I'm a little confused here. Appreciate if anyone can help me out.
During a k-fold nested CV, I understand for each combination of training fold and testing fold , the training fold will be further split into k subsets and a small CV will be carried out to determine the optimal hyper-parameters.
My question is: are the models generated by each training fold the same? If not, which model should be used when apply to productive environment.
I know there is a similar thread 'Nested cross validation for model selection'. But I still don't quite get it after reading for several times.

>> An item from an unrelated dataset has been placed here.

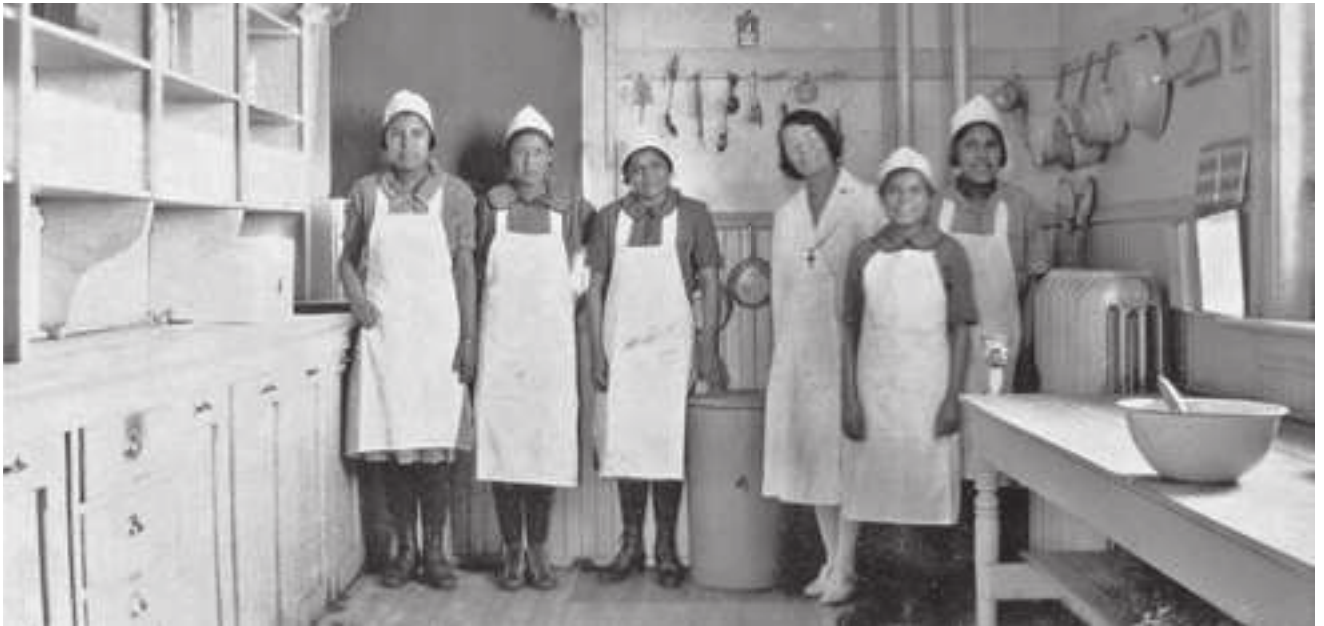
The Elkhorn, Manitoba, school kitchen staff in the 1930s.

Please bear with me as I just step into the field.
Thanks in advance.
[Note]
After reading some other threads, I can understand the mechanism below:
- Create hyper-parameter matrix;
- Use sub-training set to fit model;
- Use fitted model and validation set to select model;
- Use test fold to evaluate the performance of the chosen model.

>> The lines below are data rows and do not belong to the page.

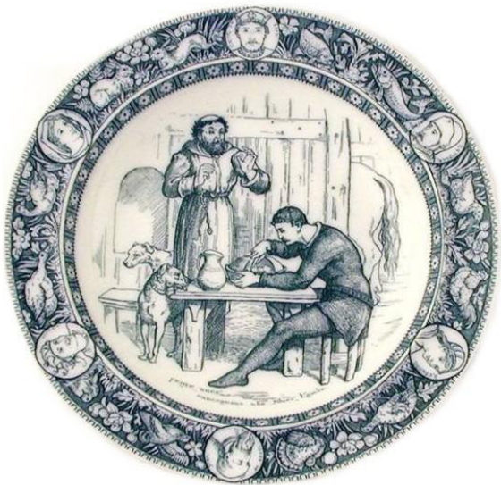
Figure 5. "Friar Tuck Entertains the Black Knight"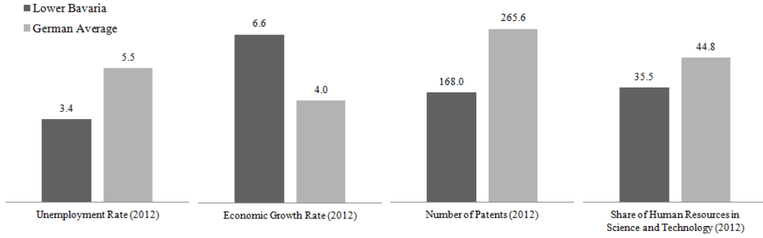
Figure 2: Lower Bavarian Economic Performance and Innovativeness Indicators

agglomeration center, their economic performance and their regional R&D. This list illustrates that it may be reasonable to conceive Lower Bavaria as an archetype for a specific type of European region that has not been conclusively examined in previous research.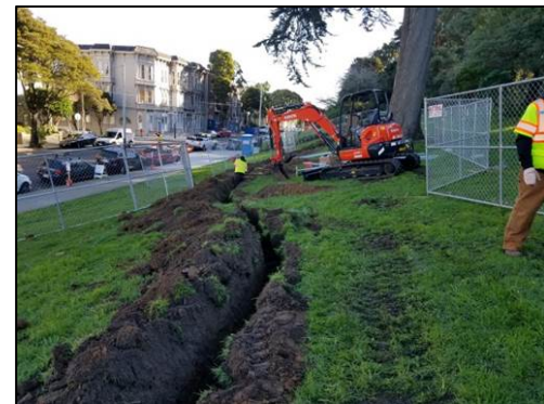
Buena Vista Park - Irrigation

However, my question is triggered by the book 'Data Science for Business'. When it describes 'Nested Cross Validation', it says:
... before building the model for each fold, we take the training set and first run an experiment: we run another entire cross-validation on just that training set to find the value of C estimated to give the best accuracy. The result of that experiment is used only to set the value of C to build the actual model for that fold of the cross-validation...
In my understanding, each fold may get a different value of C which leads to different models. Then which model should I use for productive operation?
Please help point out anything wrong in above understanding or if I have any misunderstanding of the book. Thanks a lot.